Блин, да знаю я, что вас интересует. И изо всех сил пытаюсь показать, что поднимать эту тему не надо. Но вам ведь прям загорелось… Ладно, давайте начистоту, раз так.

— Знак, позволяющий стрелять в далёкие миры, ведом лишь тебе, — подал голос Разумовский.

— Верно.

— Он нужен нам.

— Но вам он не ведом.

— Именно так. Владимир, не притворяйся, будто не понимаешь.

В тяжёлом молчании я обошёл императрицу и, как она в прошлый мой визит, встал у окна. Заложил руки за спину, окинул взглядом залитый не по-зимнему ярким солнцем Санкт-Петербург.

— Нет.

— Что вы хотите сказать? — холодно спросила государыня.

— Я не хочу сказать. Я говорю. Нет, этого Знака вам не получить.

— Это следует расценить как предательство?

— Не мне диктовать вам, как относиться к моим словам и поступкам, ваше величество. Я в вашей власти. Как дворянин и как охотник. Когда и если возникнет необходимость использовать это оружие, вы легко сможете меня найти.

— И решение, нужно ли его применять, будете принимать вы? — Холод в голосе императрицы превратился в стужу.

— Я хочу, чтобы мой голос в этой ситуации был услышан.

— Владимир, ты неправ. — Разумовский подошёл ко мне сзади. — Ты демонстрируешь её величеству недоверие. Это оскорбление.

— Я думаю, что её величество очень мудра. Достаточно мудра, чтобы понимать: она не будет занимать престол вечно. Она не может отвечать за тех, кто придёт после неё. Не может отвечать за тех, кто её окружает. Вы помните, что при моём участии мы выловили троих предателей из этого дворца. Один из которых был министром. Знак, попав в нечистые руки, может привести к катастрофе. Знак, перенесённый мастером на амулет, может сработать и в руках не охотника.
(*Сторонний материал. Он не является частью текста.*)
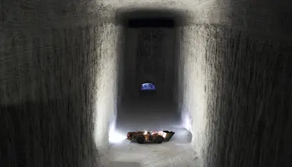 Müller fährt parallel zum Primärförderer, der 1.000 Tonnen pro Stunde zum Hauptbunker vor dem Schacht transportieren kann, der das Salz zur Verarbeitung an die Oberfläche befördert. Schon bald erreicht er die Produktionsfront, wo ein Sandvik LH621-Lader große Blöcke frisch gesprengten Rohsalzes von einer Halde zu einem Brecher transportiert, der das Material zunächst in grobe, etwa 15 Zentimeter große Stücke brechen muss, bevor es zum Schacht befördert werden kann.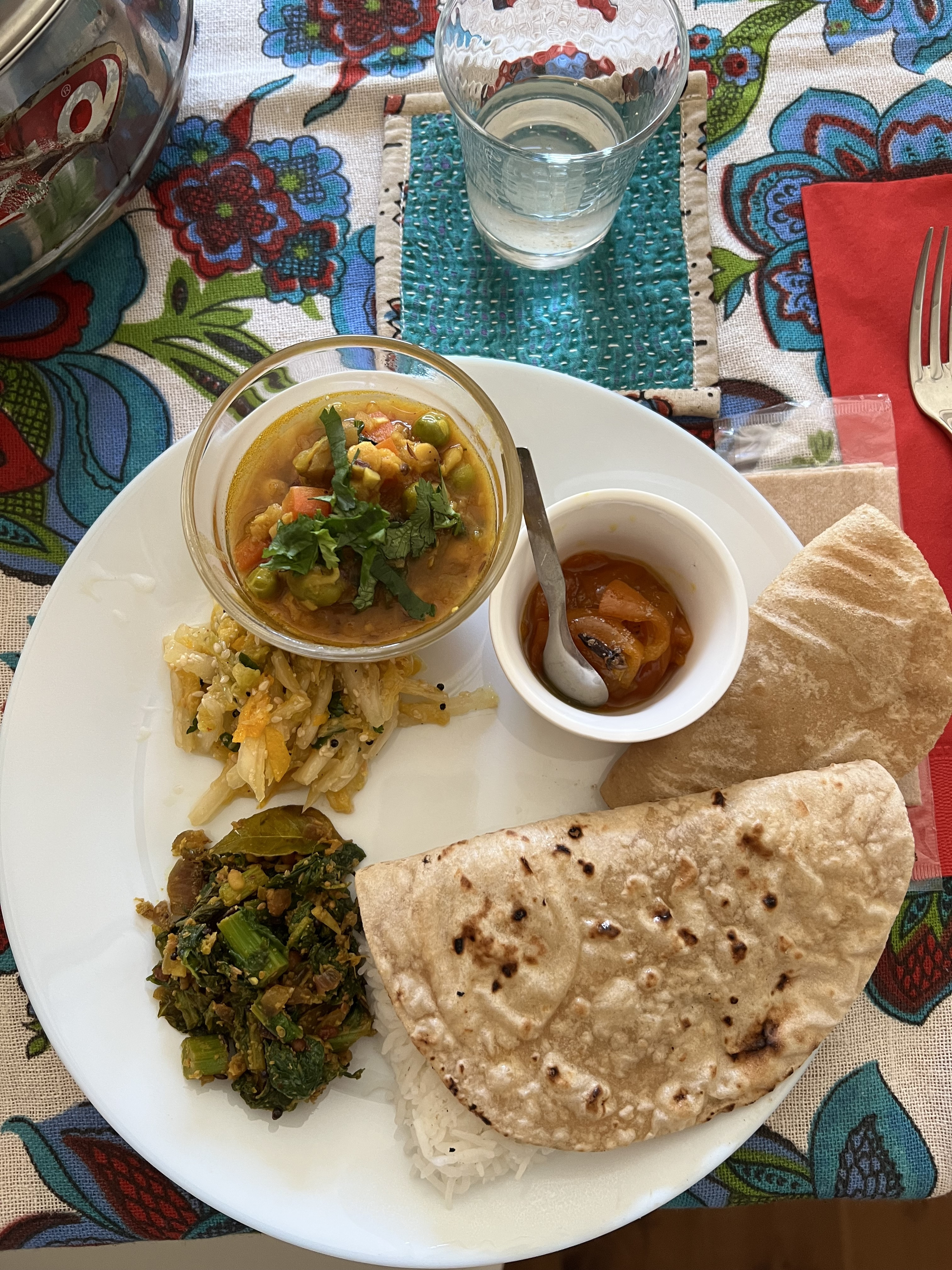 メニュー:ギー(Ghee)、ダールスープ、サブジ、ご飯

— Завершите свою мысль, — попросила государыня.

— Вам, полагаю, известна русская пословица о том, что не нужно складывать все яйца в одну корзину. Я предлагаю себя в качестве хранителя Знака.

— Смею заметить, вы тоже не вечны, господин Давыдов.

— Справедливое замечание. Позвольте исправить формулировку: я предлагаю свой род в качестве хранителя Знака. В конце января я планирую заключить брак с Катериной Матвеевной Головиной.

— Значит, вы сможете воспитать своих детей так, чтобы им можно было доверить Знак. А я — нет?

— А вас, ваше величество, воспитывали родители?

Молчание.

— Мы живём в интересном мире, ваше величество. Государственная элита воспитывается специально нанятыми людьми, и дети сызмальства становятся мишенями для интриг. Род Давыдовых, разумеется, тоже не последний в столбцах. Как и род Рюриковичей… Но я в первую очередь охотник, а не аристократ. А охотники — люди простые. И воспитанием своих детей я буду заниматься исключительно сам. Пусть мой дар и не передастся им, но всё равно они будут охотниками.

После долгой тишины государыня-императрица спросила:

— Интересно понять, кто же воспитывал вас, Владимир Всеволодович.

Я улыбнулся едва заметному своему отражению в оконном стекле.

— Жизнь, ваше величество.

— Что же вы называете жизнью? Двадцать лет в неподвижности в крестьянской избе? Или неполный год бесконечных боёв?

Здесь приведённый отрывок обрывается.